_Task instructions_.
Each entry has to be printed again exactly.

_Extracted records_.
--- START ---

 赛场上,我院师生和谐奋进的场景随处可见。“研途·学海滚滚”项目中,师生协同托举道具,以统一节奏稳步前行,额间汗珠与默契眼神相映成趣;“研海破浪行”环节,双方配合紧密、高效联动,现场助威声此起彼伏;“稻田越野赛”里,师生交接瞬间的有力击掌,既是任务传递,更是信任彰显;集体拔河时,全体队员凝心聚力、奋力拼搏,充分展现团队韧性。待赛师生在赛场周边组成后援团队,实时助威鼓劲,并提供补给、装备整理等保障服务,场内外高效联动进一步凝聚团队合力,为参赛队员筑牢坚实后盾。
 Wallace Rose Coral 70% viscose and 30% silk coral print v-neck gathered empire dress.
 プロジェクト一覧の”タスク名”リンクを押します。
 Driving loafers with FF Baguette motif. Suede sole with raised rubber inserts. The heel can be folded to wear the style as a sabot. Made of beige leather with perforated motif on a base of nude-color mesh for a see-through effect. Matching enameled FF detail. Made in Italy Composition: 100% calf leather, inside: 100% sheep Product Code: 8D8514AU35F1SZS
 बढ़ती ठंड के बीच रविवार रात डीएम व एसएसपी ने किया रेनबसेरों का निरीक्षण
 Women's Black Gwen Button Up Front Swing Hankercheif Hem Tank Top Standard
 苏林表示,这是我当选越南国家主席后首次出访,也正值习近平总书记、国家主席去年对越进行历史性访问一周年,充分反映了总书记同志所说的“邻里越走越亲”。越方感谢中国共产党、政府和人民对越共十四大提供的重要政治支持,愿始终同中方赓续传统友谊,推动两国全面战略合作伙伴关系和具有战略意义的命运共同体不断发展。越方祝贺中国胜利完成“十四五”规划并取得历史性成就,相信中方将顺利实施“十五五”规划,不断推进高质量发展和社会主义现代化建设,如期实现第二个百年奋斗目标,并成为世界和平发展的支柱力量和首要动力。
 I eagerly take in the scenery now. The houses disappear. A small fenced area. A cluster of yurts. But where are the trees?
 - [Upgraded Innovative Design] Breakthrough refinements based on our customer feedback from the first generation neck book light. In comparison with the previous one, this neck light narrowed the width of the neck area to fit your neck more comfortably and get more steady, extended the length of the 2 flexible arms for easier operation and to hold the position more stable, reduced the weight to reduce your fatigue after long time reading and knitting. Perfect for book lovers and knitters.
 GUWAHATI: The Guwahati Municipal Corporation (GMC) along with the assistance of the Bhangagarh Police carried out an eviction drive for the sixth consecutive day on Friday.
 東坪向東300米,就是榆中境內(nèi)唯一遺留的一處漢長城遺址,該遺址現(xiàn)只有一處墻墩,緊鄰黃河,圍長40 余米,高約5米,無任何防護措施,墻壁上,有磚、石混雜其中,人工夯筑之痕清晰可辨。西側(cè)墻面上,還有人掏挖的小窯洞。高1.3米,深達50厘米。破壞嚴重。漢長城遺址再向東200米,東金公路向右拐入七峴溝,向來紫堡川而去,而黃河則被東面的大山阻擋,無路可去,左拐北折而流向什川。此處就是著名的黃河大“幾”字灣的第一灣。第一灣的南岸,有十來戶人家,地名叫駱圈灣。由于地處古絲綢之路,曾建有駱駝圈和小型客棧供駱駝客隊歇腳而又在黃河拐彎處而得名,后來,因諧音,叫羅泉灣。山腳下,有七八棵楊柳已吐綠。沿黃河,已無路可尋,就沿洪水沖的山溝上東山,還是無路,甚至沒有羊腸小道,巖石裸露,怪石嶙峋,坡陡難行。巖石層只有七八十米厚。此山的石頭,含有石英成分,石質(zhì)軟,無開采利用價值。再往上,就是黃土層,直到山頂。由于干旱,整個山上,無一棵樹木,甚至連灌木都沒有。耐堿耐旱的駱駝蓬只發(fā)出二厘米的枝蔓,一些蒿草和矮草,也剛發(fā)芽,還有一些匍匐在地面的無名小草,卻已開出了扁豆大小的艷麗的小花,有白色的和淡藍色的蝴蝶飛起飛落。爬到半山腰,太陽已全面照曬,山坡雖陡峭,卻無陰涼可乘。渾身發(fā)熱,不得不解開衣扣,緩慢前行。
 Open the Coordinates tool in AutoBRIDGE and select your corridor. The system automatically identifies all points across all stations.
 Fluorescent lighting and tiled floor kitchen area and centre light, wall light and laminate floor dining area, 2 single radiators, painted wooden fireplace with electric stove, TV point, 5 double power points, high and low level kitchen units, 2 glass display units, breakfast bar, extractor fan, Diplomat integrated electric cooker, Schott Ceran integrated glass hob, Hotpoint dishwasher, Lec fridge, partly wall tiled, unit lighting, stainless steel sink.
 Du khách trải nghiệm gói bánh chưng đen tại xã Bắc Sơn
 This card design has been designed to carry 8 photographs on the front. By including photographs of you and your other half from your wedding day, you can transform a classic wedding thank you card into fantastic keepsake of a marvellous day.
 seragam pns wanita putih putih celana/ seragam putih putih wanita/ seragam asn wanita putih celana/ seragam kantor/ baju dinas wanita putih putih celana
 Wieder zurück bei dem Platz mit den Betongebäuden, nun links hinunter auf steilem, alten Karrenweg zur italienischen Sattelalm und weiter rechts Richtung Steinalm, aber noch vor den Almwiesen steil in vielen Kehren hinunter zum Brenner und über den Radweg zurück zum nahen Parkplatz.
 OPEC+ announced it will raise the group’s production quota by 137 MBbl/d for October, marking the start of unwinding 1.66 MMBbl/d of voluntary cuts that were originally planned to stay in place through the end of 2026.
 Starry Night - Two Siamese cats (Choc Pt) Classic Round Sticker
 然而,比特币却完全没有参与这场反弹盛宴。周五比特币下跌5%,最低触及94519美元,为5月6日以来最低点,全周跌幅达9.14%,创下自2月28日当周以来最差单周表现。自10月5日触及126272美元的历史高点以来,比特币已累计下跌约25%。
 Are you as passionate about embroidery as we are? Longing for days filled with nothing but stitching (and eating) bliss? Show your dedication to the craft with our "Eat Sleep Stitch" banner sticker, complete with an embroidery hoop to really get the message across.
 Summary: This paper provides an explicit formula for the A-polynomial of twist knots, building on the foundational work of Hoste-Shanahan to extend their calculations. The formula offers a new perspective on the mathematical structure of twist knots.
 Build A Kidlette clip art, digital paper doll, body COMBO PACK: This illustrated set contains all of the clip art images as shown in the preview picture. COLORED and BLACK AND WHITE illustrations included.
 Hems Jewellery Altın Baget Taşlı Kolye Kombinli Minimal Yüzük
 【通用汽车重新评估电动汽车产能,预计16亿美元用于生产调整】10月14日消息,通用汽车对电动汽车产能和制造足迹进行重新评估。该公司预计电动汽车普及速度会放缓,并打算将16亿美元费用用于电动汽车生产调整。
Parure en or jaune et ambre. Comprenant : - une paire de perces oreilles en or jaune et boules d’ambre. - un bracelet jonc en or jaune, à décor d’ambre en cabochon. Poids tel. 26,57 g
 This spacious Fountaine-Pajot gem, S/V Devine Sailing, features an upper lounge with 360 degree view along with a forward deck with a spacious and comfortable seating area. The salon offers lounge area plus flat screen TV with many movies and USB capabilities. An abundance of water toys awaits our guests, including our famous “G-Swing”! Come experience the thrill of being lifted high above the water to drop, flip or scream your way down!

--- END ---

_Worked solution_.
 赛场上,我院师生和谐奋进的场景随处可见。“研途·学海滚滚”项目中,师生协同托举道具,以统一节奏稳步前行,额间汗珠与默契眼神相映成趣;“研海破浪行”环节,双方配合紧密、高效联动,现场助威声此起彼伏;“稻田越野赛”里,师生交接瞬间的有力击掌,既是任务传递,更是信任彰显;集体拔河时,全体队员凝心聚力、奋力拼搏,充分展现团队韧性。待赛师生在赛场周边组成后援团队,实时助威鼓劲,并提供补给、装备整理等保障服务,场内外高效联动进一步凝聚团队合力,为参赛队员筑牢坚实后盾。
 Wallace Rose Coral 70% viscose and 30% silk coral print v-neck gathered empire dress.
 プロジェクト一覧の”タスク名”リンクを押します。
 Driving loafers with FF Baguette motif. Suede sole with raised rubber inserts. The heel can be folded to wear the style as a sabot. Made of beige leather with perforated motif on a base of nude-color mesh for a see-through effect. Matching enameled FF detail. Made in Italy Composition: 100% calf leather, inside: 100% sheep Product Code: 8D8514AU35F1SZS
 बढ़ती ठंड के बीच रविवार रात डीएम व एसएसपी ने किया रेनबसेरों का निरीक्षण
 Women's Black Gwen Button Up Front Swing Hankercheif Hem Tank Top Standard
 苏林表示,这是我当选越南国家主席后首次出访,也正值习近平总书记、国家主席去年对越进行历史性访问一周年,充分反映了总书记同志所说的“邻里越走越亲”。越方感谢中国共产党、政府和人民对越共十四大提供的重要政治支持,愿始终同中方赓续传统友谊,推动两国全面战略合作伙伴关系和具有战略意义的命运共同体不断发展。越方祝贺中国胜利完成“十四五”规划并取得历史性成就,相信中方将顺利实施“十五五”规划,不断推进高质量发展和社会主义现代化建设,如期实现第二个百年奋斗目标,并成为世界和平发展的支柱力量和首要动力。
 I eagerly take in the scenery now. The houses disappear. A small fenced area. A cluster of yurts. But where are the trees?
 - [Upgraded Innovative Design] Breakthrough refinements based on our customer feedback from the first generation neck book light. In comparison with the previous one, this neck light narrowed the width of the neck area to fit your neck more comfortably and get more steady, extended the length of the 2 flexible arms for easier operation and to hold the position more stable, reduced the weight to reduce your fatigue after long time reading and knitting. Perfect for book lovers and knitters.
 GUWAHATI: The Guwahati Municipal Corporation (GMC) along with the assistance of the Bhangagarh Police carried out an eviction drive for the sixth consecutive day on Friday.
 東坪向東300米,就是榆中境內(nèi)唯一遺留的一處漢長城遺址,該遺址現(xiàn)只有一處墻墩,緊鄰黃河,圍長40 余米,高約5米,無任何防護措施,墻壁上,有磚、石混雜其中,人工夯筑之痕清晰可辨。西側(cè)墻面上,還有人掏挖的小窯洞。高1.3米,深達50厘米。破壞嚴重。漢長城遺址再向東200米,東金公路向右拐入七峴溝,向來紫堡川而去,而黃河則被東面的大山阻擋,無路可去,左拐北折而流向什川。此處就是著名的黃河大“幾”字灣的第一灣。第一灣的南岸,有十來戶人家,地名叫駱圈灣。由于地處古絲綢之路,曾建有駱駝圈和小型客棧供駱駝客隊歇腳而又在黃河拐彎處而得名,后來,因諧音,叫羅泉灣。山腳下,有七八棵楊柳已吐綠。沿黃河,已無路可尋,就沿洪水沖的山溝上東山,還是無路,甚至沒有羊腸小道,巖石裸露,怪石嶙峋,坡陡難行。巖石層只有七八十米厚。此山的石頭,含有石英成分,石質(zhì)軟,無開采利用價值。再往上,就是黃土層,直到山頂。由于干旱,整個山上,無一棵樹木,甚至連灌木都沒有。耐堿耐旱的駱駝蓬只發(fā)出二厘米的枝蔓,一些蒿草和矮草,也剛發(fā)芽,還有一些匍匐在地面的無名小草,卻已開出了扁豆大小的艷麗的小花,有白色的和淡藍色的蝴蝶飛起飛落。爬到半山腰,太陽已全面照曬,山坡雖陡峭,卻無陰涼可乘。渾身發(fā)熱,不得不解開衣扣,緩慢前行。
 Open the Coordinates tool in AutoBRIDGE and select your corridor. The system automatically identifies all points across all stations.
 Fluorescent lighting and tiled floor kitchen area and centre light, wall light and laminate floor dining area, 2 single radiators, painted wooden fireplace with electric stove, TV point, 5 double power points, high and low level kitchen units, 2 glass display units, breakfast bar, extractor fan, Diplomat integrated electric cooker, Schott Ceran integrated glass hob, Hotpoint dishwasher, Lec fridge, partly wall tiled, unit lighting, stainless steel sink.
 Du khách trải nghiệm gói bánh chưng đen tại xã Bắc Sơn
 This card design has been designed to carry 8 photographs on the front. By including photographs of you and your other half from your wedding day, you can transform a classic wedding thank you card into fantastic keepsake of a marvellous day.
 seragam pns wanita putih putih celana/ seragam putih putih wanita/ seragam asn wanita putih celana/ seragam kantor/ baju dinas wanita putih putih celana
 Wieder zurück bei dem Platz mit den Betongebäuden, nun links hinunter auf steilem, alten Karrenweg zur italienischen Sattelalm und weiter rechts Richtung Steinalm, aber noch vor den Almwiesen steil in vielen Kehren hinunter zum Brenner und über den Radweg zurück zum nahen Parkplatz.
 OPEC+ announced it will raise the group’s production quota by 137 MBbl/d for October, marking the start of unwinding 1.66 MMBbl/d of voluntary cuts that were originally planned to stay in place through the end of 2026.
 Starry Night - Two Siamese cats (Choc Pt) Classic Round Sticker
 然而,比特币却完全没有参与这场反弹盛宴。周五比特币下跌5%,最低触及94519美元,为5月6日以来最低点,全周跌幅达9.14%,创下自2月28日当周以来最差单周表现。自10月5日触及126272美元的历史高点以来,比特币已累计下跌约25%。
 Are you as passionate about embroidery as we are? Longing for days filled with nothing but stitching (and eating) bliss? Show your dedication to the craft with our "Eat Sleep Stitch" banner sticker, complete with an embroidery hoop to really get the message across.
 Summary: This paper provides an explicit formula for the A-polynomial of twist knots, building on the foundational work of Hoste-Shanahan to extend their calculations. The formula offers a new perspective on the mathematical structure of twist knots.
 Build A Kidlette clip art, digital paper doll, body COMBO PACK: This illustrated set contains all of the clip art images as shown in the preview picture. COLORED and BLACK AND WHITE illustrations included.
 Hems Jewellery Altın Baget Taşlı Kolye Kombinli Minimal Yüzük
 【通用汽车重新评估电动汽车产能,预计16亿美元用于生产调整】10月14日消息,通用汽车对电动汽车产能和制造足迹进行重新评估。该公司预计电动汽车普及速度会放缓,并打算将16亿美元费用用于电动汽车生产调整。
Parure en or jaune et ambre. Comprenant : - une paire de perces oreilles en or jaune et boules d’ambre. - un bracelet jonc en or jaune, à décor d’ambre en cabochon. Poids tel. 26,57 g
 This spacious Fountaine-Pajot gem, S/V Devine Sailing, features an upper lounge with 360 degree view along with a forward deck with a spacious and comfortable seating area. The salon offers lounge area plus flat screen TV with many movies and USB capabilities. An abundance of water toys awaits our guests, including our famous “G-Swing”! Come experience the thrill of being lifted high above the water to drop, flip or scream your way down!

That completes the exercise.